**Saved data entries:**
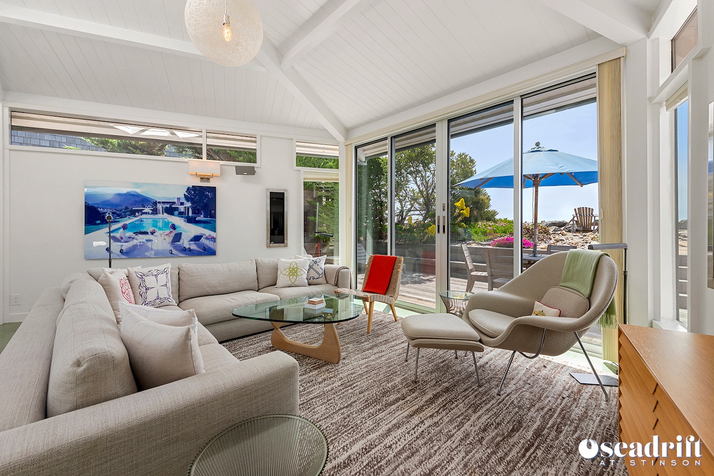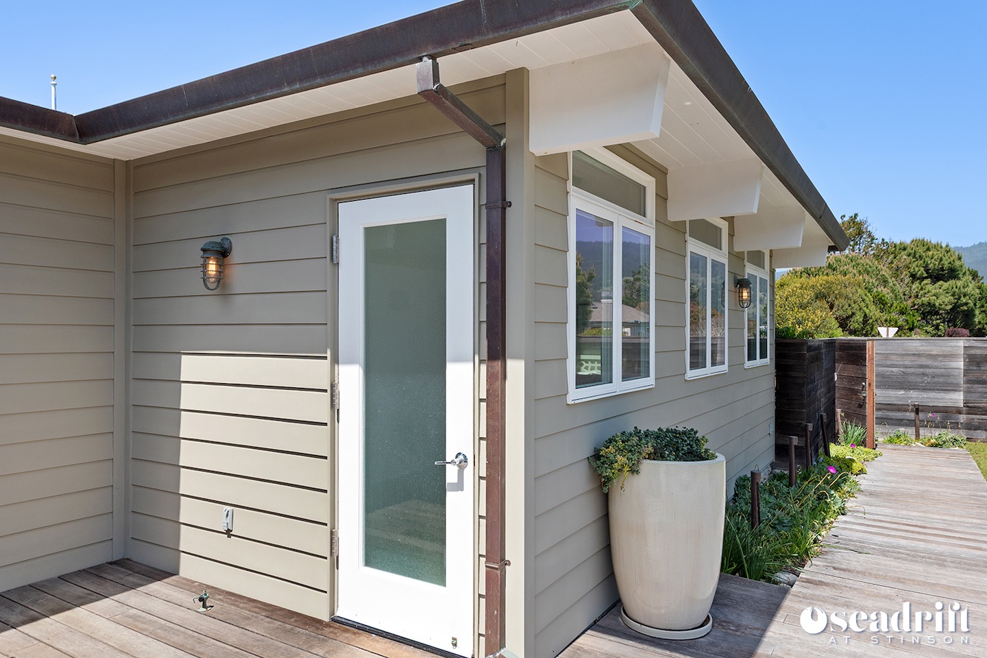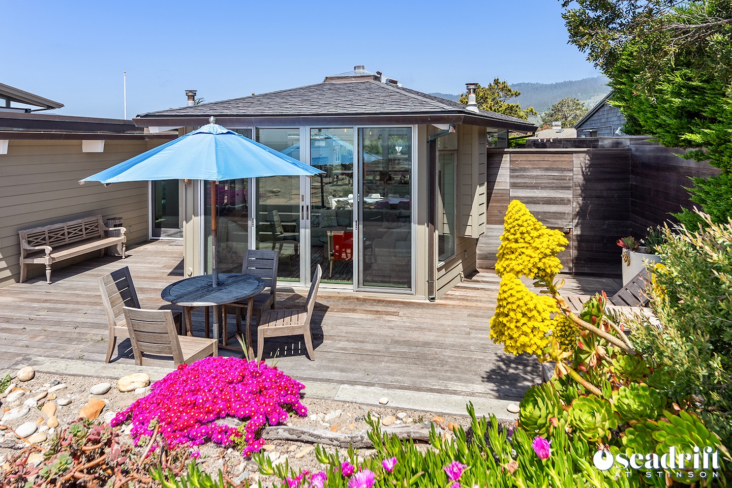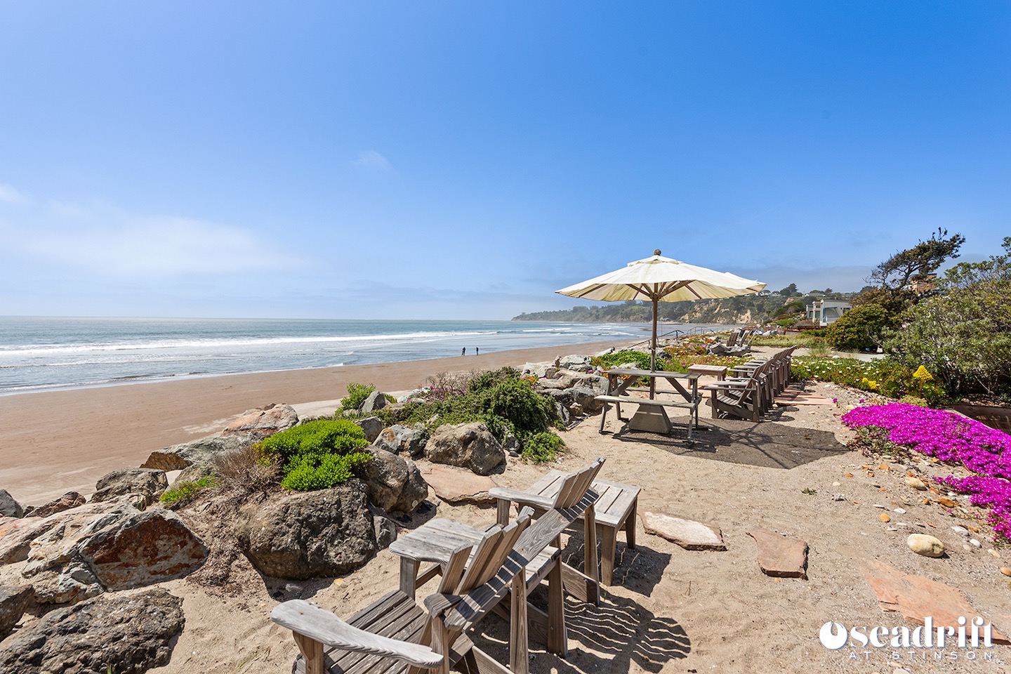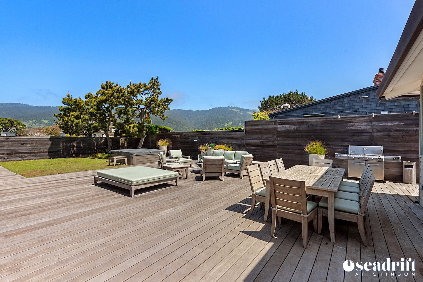 Oceanside is a dual leveled deck area and yet another delightful place to engage with family and friends. A couple chaises for a bit of private sunbathing, sofas and a table and chairs on the lower level. Just a few steps up are a couple seating areas and a picnic table overlooking the dreamy waves of Stinson Beach with stairs gliding easily to the golden sand.
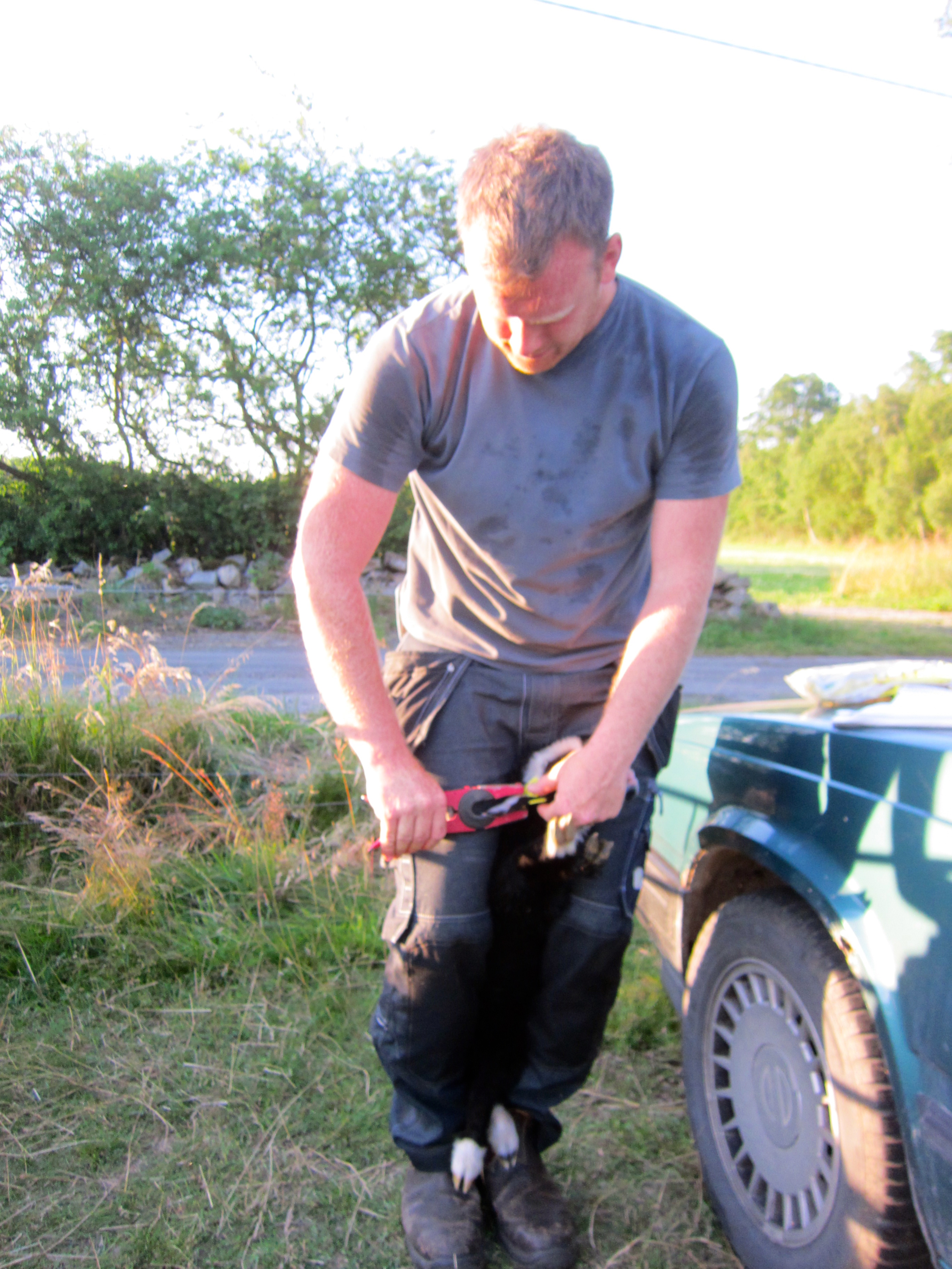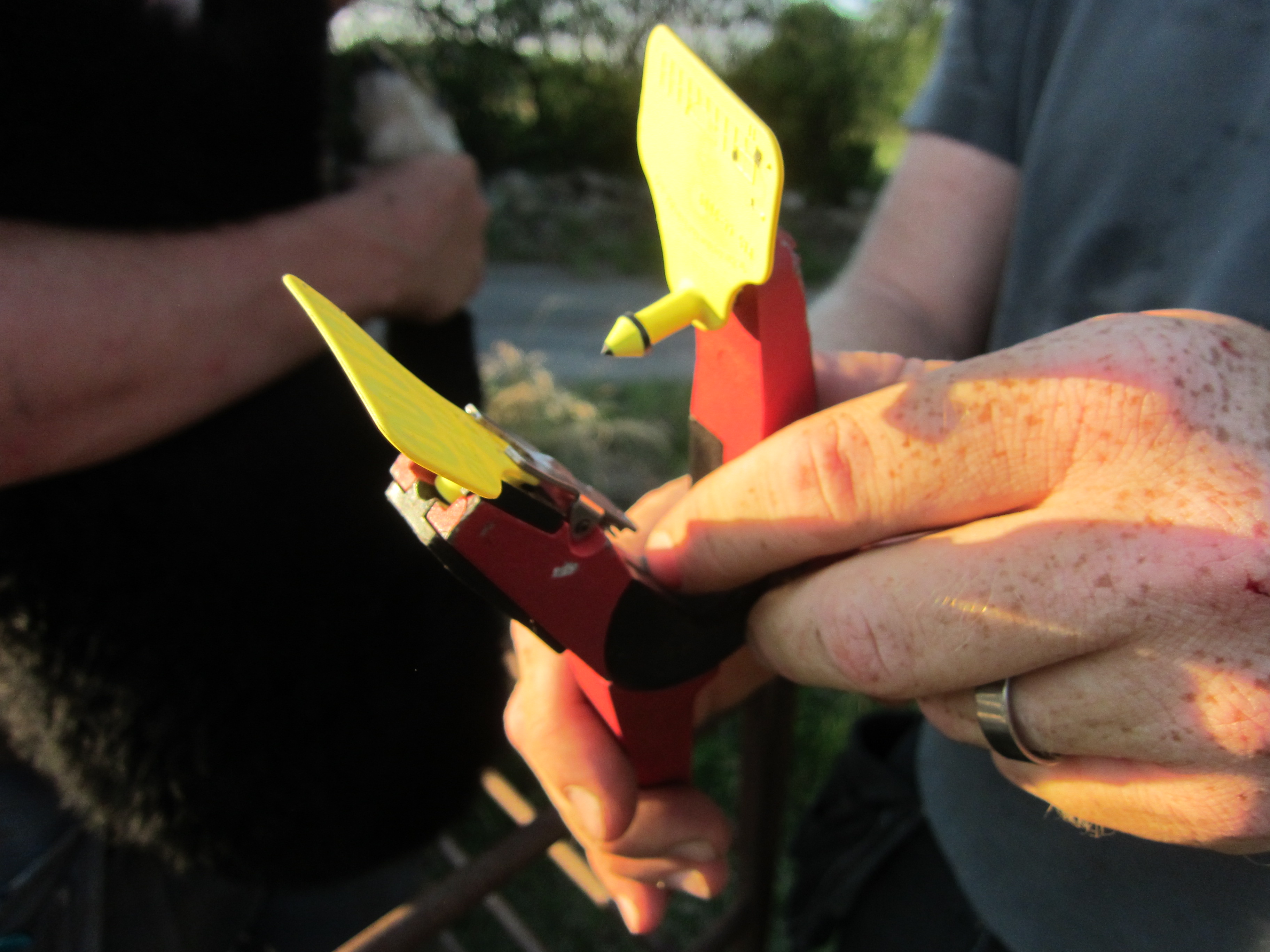 Dock fick en del lamm bli kvar på betet, en del av tackorna tog sig dräktiga sent och hann inte lamma innan betessläppet och dessa lamm fick nu i stället sina fina öronmärken. Många djurägare upplever att dessa öronmärken är ett stort problem men det är inget vi känner igen. Har man som vi mer än 30 tackor blir det nästan det dubbla antalet lamm och det är omöjligt att veta vem som är lamm till vem och då riskerar man att tappa härstamningen och då kvalitén i bevarandet. Varje djur har två nummerserier det ena SE 070341, vilket alla kor får och grisar hemma hos oss får, detta nummer är knutet till våran gård och gör att det går att spåra djuren om vi skulle få ett utbrott av en smittsam djursjukdom. Den andra serien är löpande och för oss betyder det att årets första lamm fick nummer 105 eftersom vi slutade på 104 2013. Vi har valt en löpande serie men det går även att utvekla det mera. Några populära exempel är att man startar serien med årsnummret tex 14001, 14002… nackdelen är att man då måste beställa exakt med öronmärken har man för många blir dessa oanvändbara när året är slut. Man kan även ha två olika serier en som börjar på 00001 00002 och en som är 10001 10002 den ena serien använder man för hondjur den andra för hannar då vet man direkt vilket kön djuret har bara genom att titta i örat.
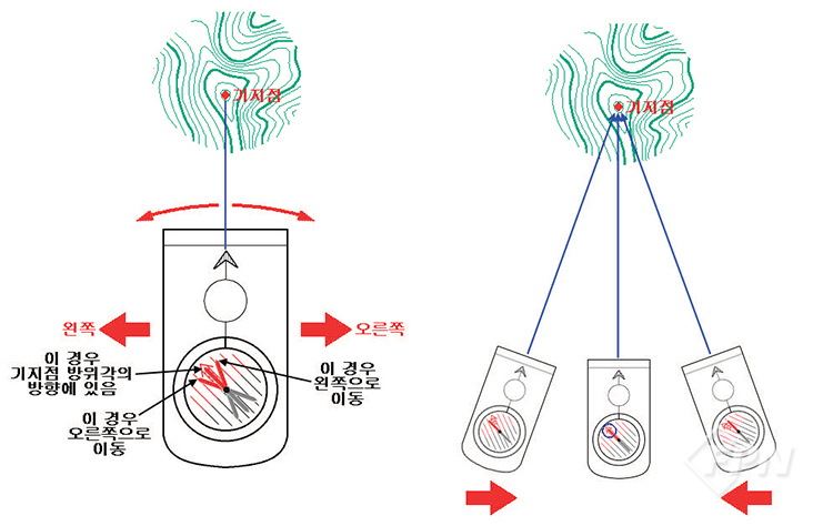 이렇게 하면 진행선의 전방이 미지점 방위각의 방향이며 해당 방향에 미지점이 위치한다.
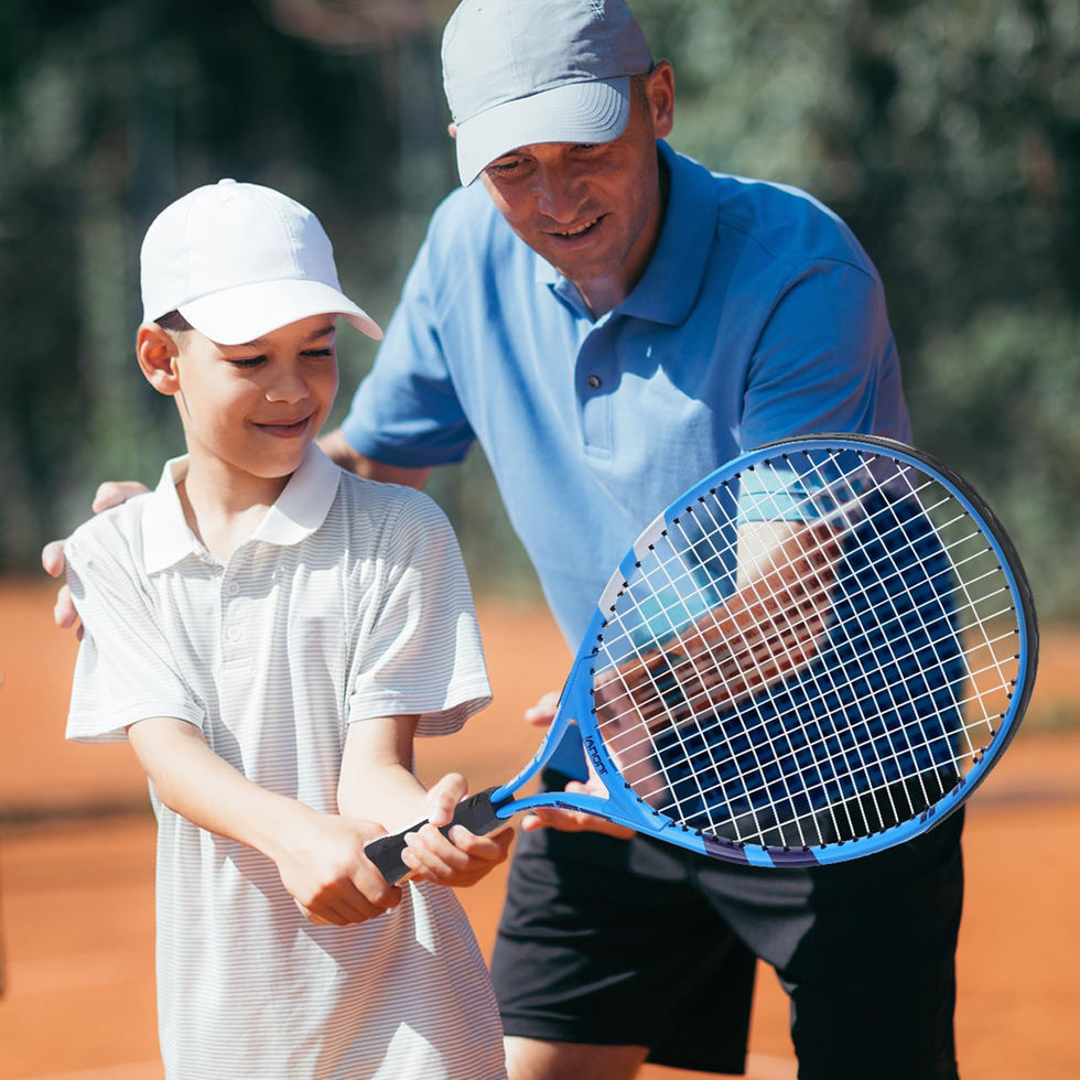 【Comfortable Grip】Measure your kid’s reach and select a child's tennis racket sized perfectly for their ergonomics. Ensure a fun experience without excessive strain on their muscles or joints. 【Lightweight Kids Tennis Racket】:Lightweight tennis racket is easy to hold and swing, bring your children a convenient sports experience. Easy for kids to handle and control. 【Durable Construction】The kids tennis racket with high quality aluminum frame, unique graphics, thick polyester strings, and a grippy neoprene handle.Sturdy materials ensure long-lasting use. 【8 in 1 VALUE PACK】 - the kids tennis racquet set comes with 2x 23" tennis rackets,3x Tennis Balls, 2x Handle Grips and 1x Portable Racket Cover 【For Beginner】Ideal for developing your child's interest in sports. Enjoy sports time with your child in your free time . Suggest for 7-10 years use.
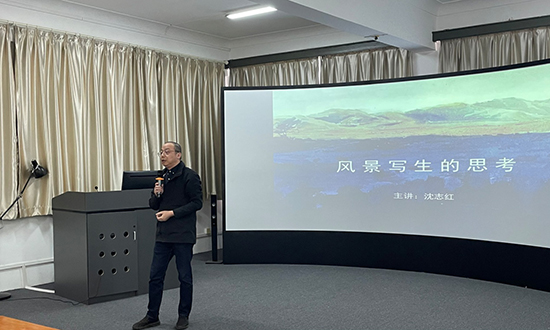 沈老师从对“风景写生”四个字的体会与其特定的含义为切入点,对构图、形态、色彩、刻画和灵感等进行了综合性思考。他表示,风景写生最重要的是对整体画面色调的把握,其次是整幅画面的构图要舒服,然后是冷暖和纯度的变化,整体画面的光感,受光背光的统一,最后是有一种你寄托于风景的情绪的表达。许多画家都在风景写生上下功夫,创作出了大家熟知的著名画作。
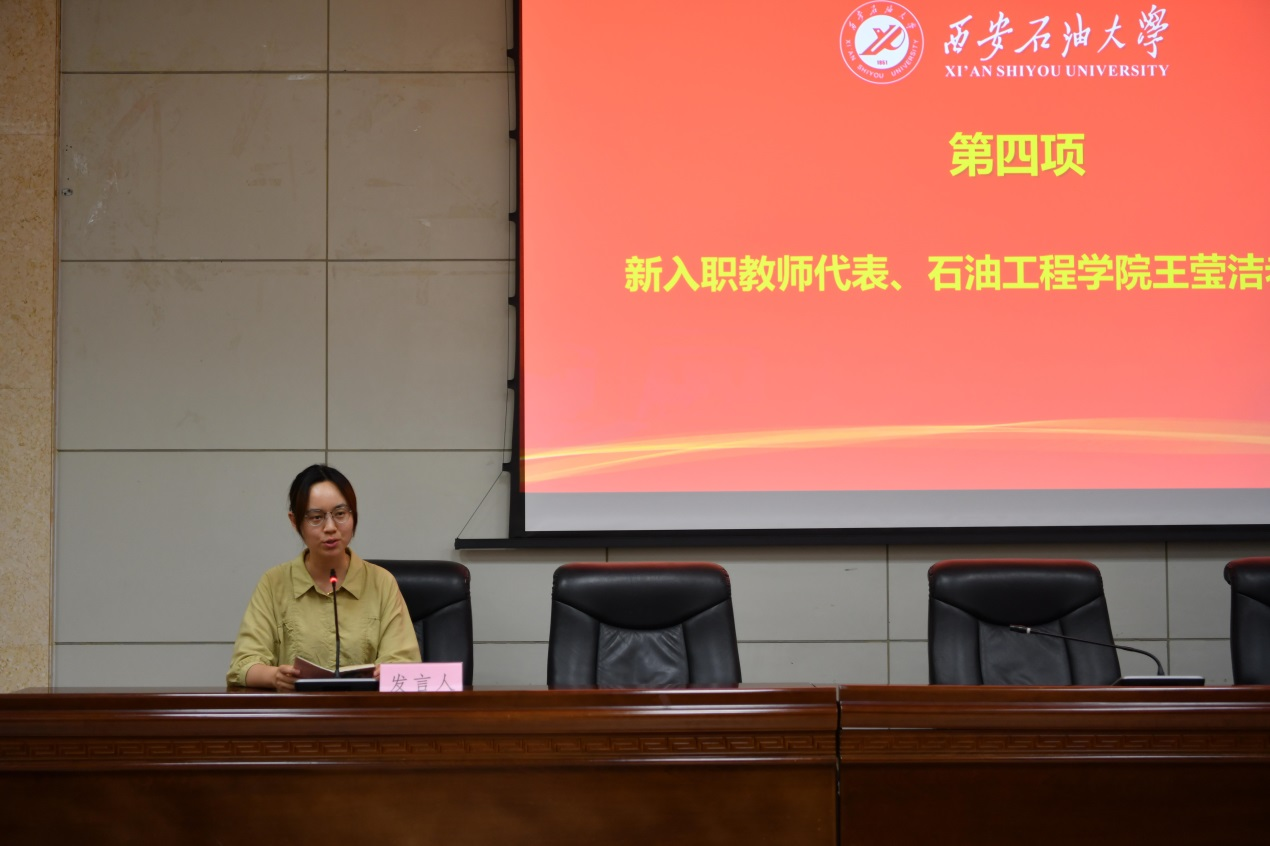 新入职教师代表、石油工程学院王莹洁老师代表新入职教师做交流发言,表达了为建设高水平教学研究型大学做贡献的决心和信心。

**TASK REQUIREMENTS:** The required output is the exact lines from the opening line of the entries through the line with "이렇게 하면 진행선의", inclusive, without pictures.

**REPLY TO THE EXERCISE:**
 Oceanside is a dual leveled deck area and yet another delightful place to engage with family and friends. A couple chaises for a bit of private sunbathing, sofas and a table and chairs on the lower level. Just a few steps up are a couple seating areas and a picnic table overlooking the dreamy waves of Stinson Beach with stairs gliding easily to the golden sand.
 Dock fick en del lamm bli kvar på betet, en del av tackorna tog sig dräktiga sent och hann inte lamma innan betessläppet och dessa lamm fick nu i stället sina fina öronmärken. Många djurägare upplever att dessa öronmärken är ett stort problem men det är inget vi känner igen. Har man som vi mer än 30 tackor blir det nästan det dubbla antalet lamm och det är omöjligt att veta vem som är lamm till vem och då riskerar man att tappa härstamningen och då kvalitén i bevarandet. Varje djur har två nummerserier det ena SE 070341, vilket alla kor får och grisar hemma hos oss får, detta nummer är knutet till våran gård och gör att det går att spåra djuren om vi skulle få ett utbrott av en smittsam djursjukdom. Den andra serien är löpande och för oss betyder det att årets första lamm fick nummer 105 eftersom vi slutade på 104 2013. Vi har valt en löpande serie men det går även att utvekla det mera. Några populära exempel är att man startar serien med årsnummret tex 14001, 14002… nackdelen är att man då måste beställa exakt med öronmärken har man för många blir dessa oanvändbara när året är slut. Man kan även ha två olika serier en som börjar på 00001 00002 och en som är 10001 10002 den ena serien använder man för hondjur den andra för hannar då vet man direkt vilket kön djuret har bara genom att titta i örat.
 이렇게 하면 진행선의 전방이 미지점 방위각의 방향이며 해당 방향에 미지점이 위치한다.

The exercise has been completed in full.